The contents of the FsImage is an “Image file” which contains a serialized form of all the directory and file inodes in the filesystem. These cannot be read with the normal file system tools like cat.

Here, each inode is an internal representation of a file or directory’s metadata. It contains information such as the file’s replication level, modification and access times, access permissions, block size, and the blocks the file is made up of.

For directories, the modification time, permissions, and quota metadata are stored. During many situations, it becomes absolutely important to read a clear text version of the FsImage. For example: To perform Namespace Analysis or to determine if the FsImage is corrupt etc. To resolve this kind of issue we can use a tool called Offline Image Viewer.

Offline Image Viewer :

To convert the contents of FsImage file into text, xml or other file formats we can use tool called Offline Image Viewer. This dumps the contents of hdfs FsImage files into human-readable formats in order to allow offline analysis and examination of an Hadoop cluster’s namespace.
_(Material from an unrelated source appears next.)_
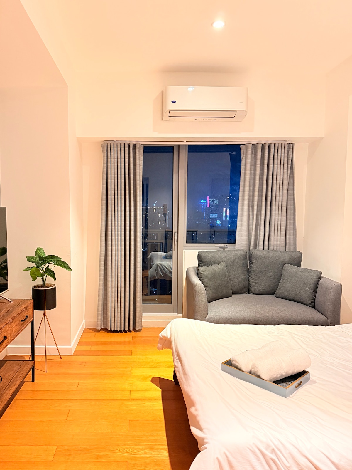 Need a quick escape? This cozy city stay hits different. Enjoy breathtaking sunsets from your front-row seat, plus stunning city lights at night 🌇✨ A warm, homey space in the heart of the city — perfect for date nights, celebrations, or a quick reset. What You’ll Love: 🌅Stunning city and sunset views from the unit 🍃Clean, modern interior with comfy bed & sofa 📶Smart TV & fast Wi-Fi 🫧Essentials provided: towels, toiletries, and linens 🍳Mini kitchen for light cooking or heating up food
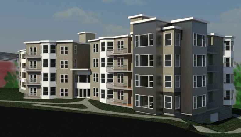 The proposed project consists of the demolition of an auto-body shop and multifamily dwelling and the construction of a 44 unit residential building with 44 off-street parking spaces.

The Offline Image Viewer tool is capable of processing very large image files relatively quickly, converting them to one of several output formats. The tool handles the layout formats that were included with Hadoop versions 16 and up. If the tool is not able to process an image file, it will exit cleanly. The Offline Image Viewer does not require any Hadoop cluster to be running, it is entirely offline in its operation.

Syntax :

hdfs oiv -i fsimage -o fsimage.xml
The simplest usage of the Offline Image Viewer is to provide just an input and output file, via the -i and -o command-line switches

Example :
In the below example we will be converting a FsImage file into .XML file format. which we have copied in our desktop path.

In the below diagram you can observe an outlook of FsImage.

We can use below command to convert the above file contents into readable form (xml file format).
hdfs oiv -i /home/acadgild/Desktop/fsimage_0000000000000000006 -o /home/acadgild/Desktop/fsimage.xml -p XML

The above code will run the Offline Image Viewer (oiv) tool and converts the above FsImage file into .XML format using XML output processor and store the output fsimage.xml file in the above-given path.

Output fsImage .xml file :

We can observe from the above figure we have successfully converted FsImage file into .XML file format and each Inode section tag consist values of modification time, access times (in seconds), access permissions, block size and quota of metadata stored for files and directories.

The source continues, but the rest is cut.